Trois ans après L'adorable corps de Deborah, Romolo Guerrieri, sympathique petit artisan de la série B italienne, revient au giallo avec une adaptation du roman de Libero Bigiaretti, La controfigura, un thriller à la base hautement psychologique que le metteur en scène transforme en un sexy giallo qui lorgne indéniablement vers ceux de Umberto Lenzi. Imprégné d'un érotisme cette fois discret mais omniprésent, La controfigura en reprend les bases à savoir la résolution d'un apparent complot qui touche un trio de personnages
antipathiques auquel vient se greffer la venue d'un mystérieux inconnu le tout sur fond de superbes décors tropicaux marocains. Traditionnel donc comme l'ouverture fort prometteuse durant laquelle on assiste à l'assassinat du principal protagoniste, Frank, dans un parking souterrain. A l'agonie, sous les yeux de son meurtrier, il va alors dans un ultime effort, revivre les derniers mois de sa vie afin de comprendre les raisons qui ont poussé cet homme à le tuer. Le prologue n'est pas nouveau puisqu'il est également à l'origine du scénario de l'excellent La corte notte delle bambole di vetro / Je suis vivant de Aldo Lado dont La controfigura est très proche, le suspens en moins.

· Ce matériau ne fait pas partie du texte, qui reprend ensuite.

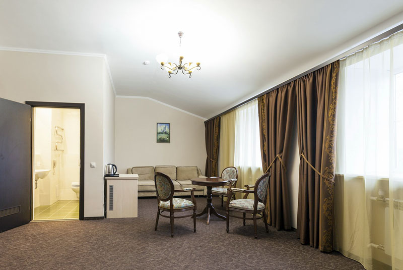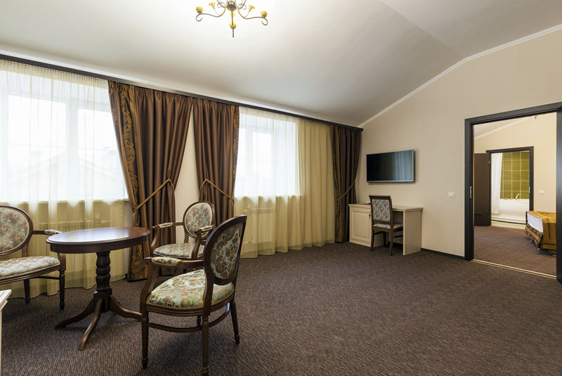 Двухкомнатный номер с двумя санузлами. Оформлен в классическом стиле.
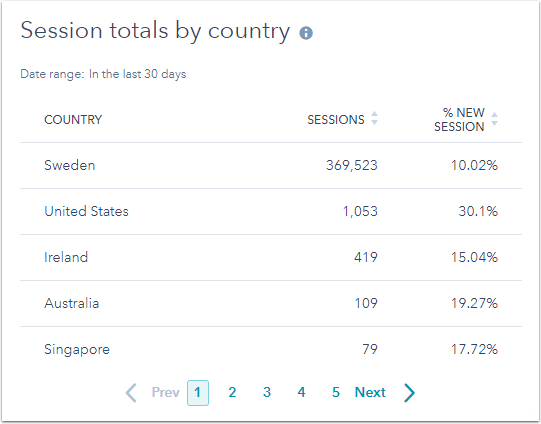 This report shows you the number of sessions and the percentage of new sessions to your website, per country.

En fait le grande originalité du film de Guerrieri est son montage construit en un long flash-back dans lequel s'insèrent non seulement d'autres flash-back mais également les projections des désirs, des pulsions des personnages plus particulièrement de Frank. Le procédé est intéressant mais malheureusement trop confus ici. A force d'aller et de venir dans différentes dimensions temporelles Guerrieri semble s'égarer et par la même perdre son spectateur dans les méandres du temps. Difficile parfois de dire ce qui est, ce qui fut et ce que les personnages imaginent simplement sous le coup de la jalousie et de la colère.
Peut être Guerrieri a t-il voulu ainsi imager la confusion qui règne dans l'esprit du mourant. Quoiqu'il en soit, c'est dans le notre qu'il la jette.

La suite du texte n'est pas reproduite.